Abordamos até agora a importância do testamento vital no âmbito da medicina e dos cuidados com a saúde, entretanto, este instrumento não se restringe somente a estas questões. Podemos dizer ainda que o testamento vital pode dispor de cláusulas relativas à representação, seja em âmbito pessoal como empresarial.

Por fim, podemos dizer que o testamento vital tem como funcionalidade o respeito pela autonomia privada do instituidor, desde que fundados em fundamentos éticos, não contrários aos bons costumes e à legislação pátria.

  1.  Das Considerações Finais.

Concluímos que enormes avanços foram reconhecidos em nossa sociedade ao elaborar a Resolução do Conselho Federal de Medicina que trata das diretivas antecipadas de vontade, buscando atribuir ao ser humano o direito de escolher a melhor forma de tratamento médico a que será submetido, respeitando, assim, a autonomia da vontade aliada à correta orientação clínica, com o estabelecimento de relação de confiança entre o médico e o paciente e a família. Contudo, almeja-se uma legislação específica que trate sobre o assunto, a fim de salvaguardar a vontade da pessoa quanto à sua própria vida como é o caso da Espanha.

Bem se sabe que a vida é o maior bem que possuímos, no entanto, os demais direitos fundamentais devem ser respeitados, especialmente se estiverem apostos em um instrumento de diretivas antecipadas de vontade.

Pretende-se com este artigo socializar a ideia de que temos a faculdade de delimitar aspectos que julgamos relevantes em nossa vida quanto à terminalidade da vida ou momentos de incapacidade civil por meio do testamento vital que busca resguardar o respeito e a dignidade da pessoa, prevalecendo, com isso, o direito à morte digna.
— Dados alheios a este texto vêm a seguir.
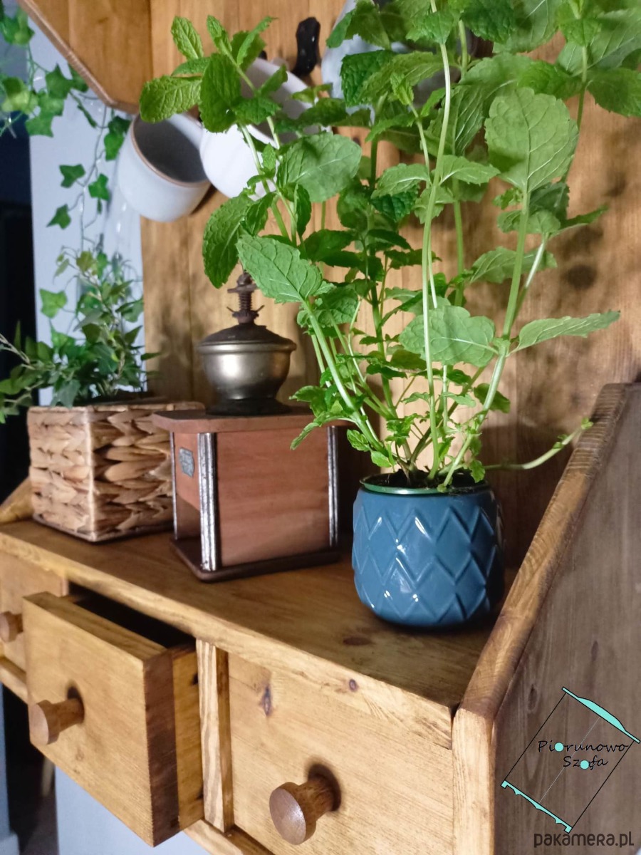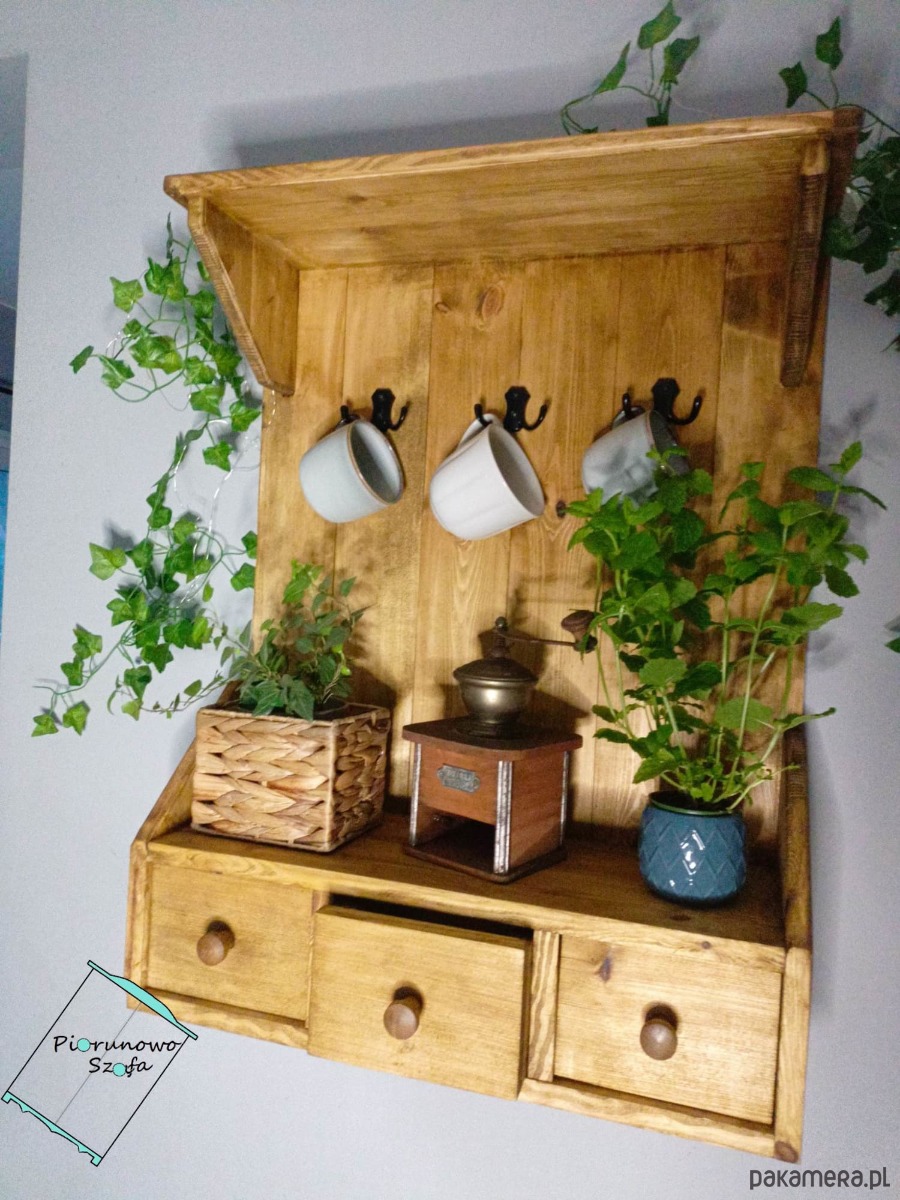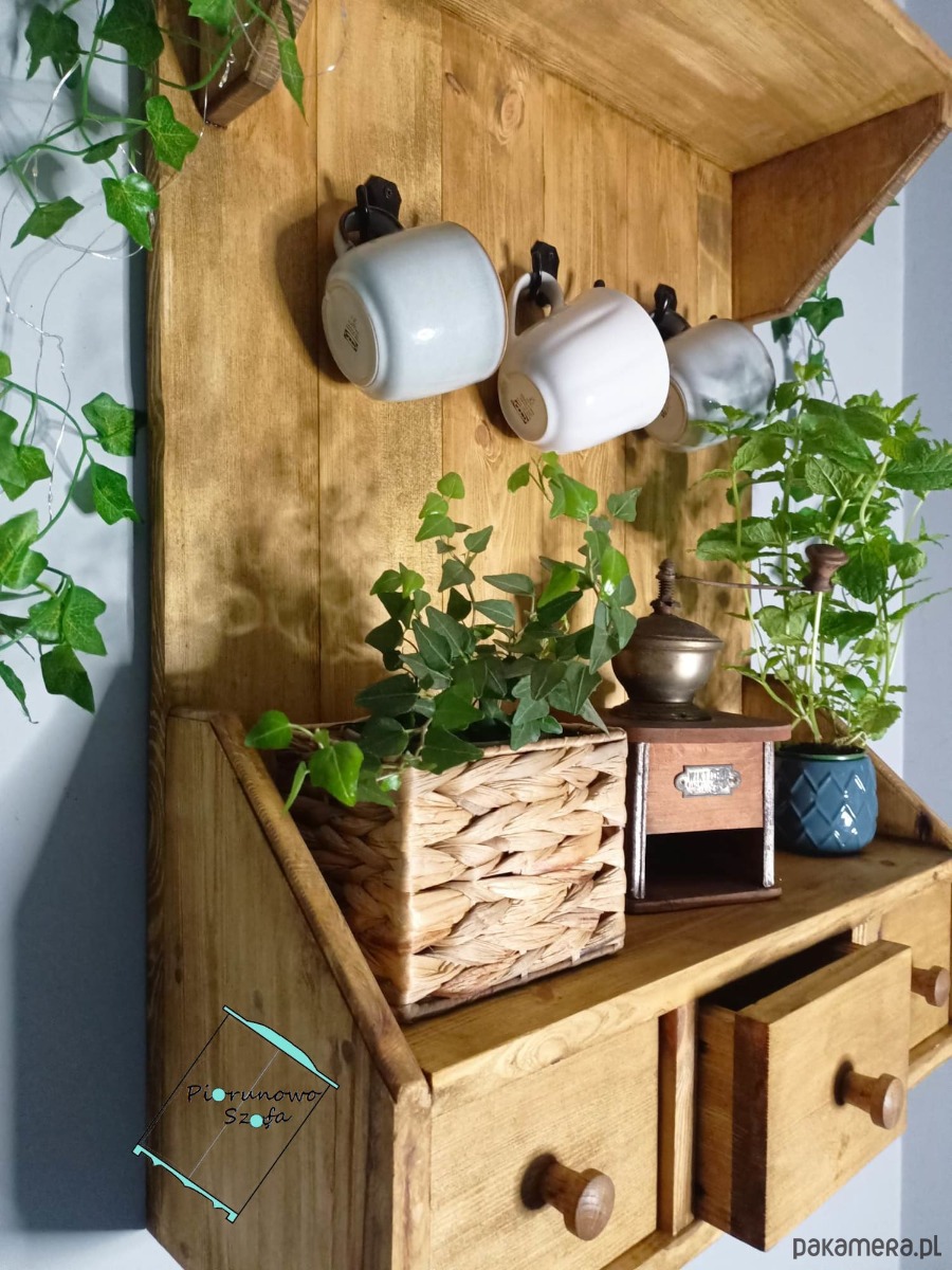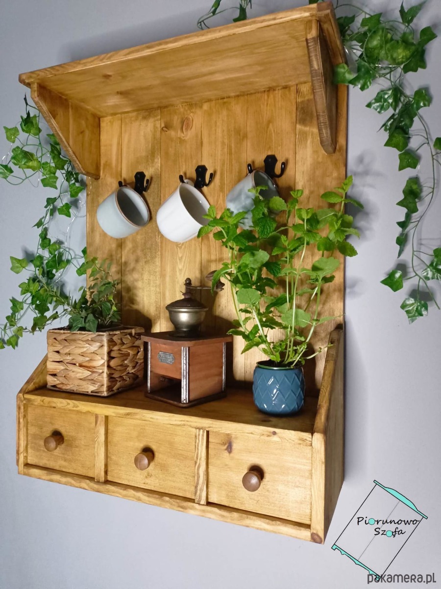 Prześliczna drewniana witrynka, regał ścienny z szufladami retro na kubki, talerzyki i dodatki kuchenne. Ciekawy pomysł do kuchni w starym stylu, na wszelkiego rodzaju przyprawy i nie tylko. Będzie pięknie zdobiła wnętrze. Oddaje klimat sielskości, wiejskiego domu. Poprzez swój ciepły kolor odnajdzie się w niejednej stylizowanej kuchni. Drewno postarzane, sosnowe w kolorze orzecha.Wygląda jakby świat zatrzymał się kilkadziesiąt late temu. Bajeczna półka, niezwykle urokliwa w swej krasie.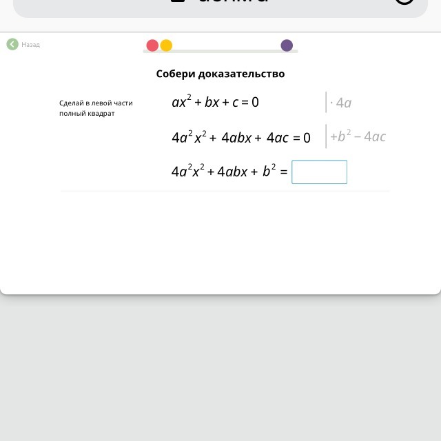 Прибавим к правой части нашего уравнения b^2-4ac. Получим: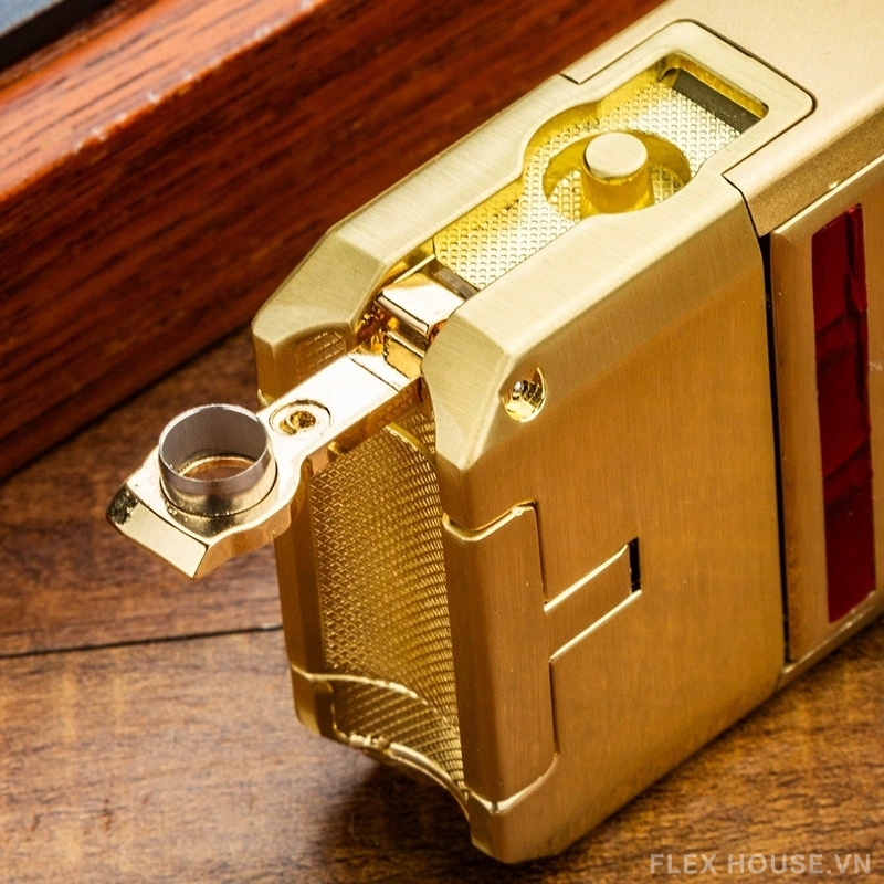 - Chất liệu cao cấp: Thân bật lửa bằng hợp kim kẽm kết hợp da bò thật, bề mặt hoàn thiện tinh xảo, độ bền cao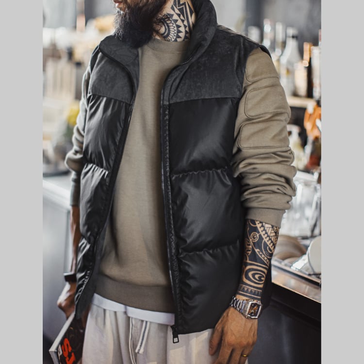 Tシャツやシャツの上にはもちろん、ジャケットの上にも羽織れる。

Compete exclusivamente a cada pessoa, que pode ser orientada por um profissional da área da saúde, bem como do direito, deixar previamente clausulado se aceita ou recusa os tratamentos que lhe serão oportunamente apresentados, se deseja ou não prolongar sua vida artificialmente e, se o deseja, quais os limites; se opta por determinado tratamento inovador ou não e, pode ainda instituir representante e mandatário para vários fins.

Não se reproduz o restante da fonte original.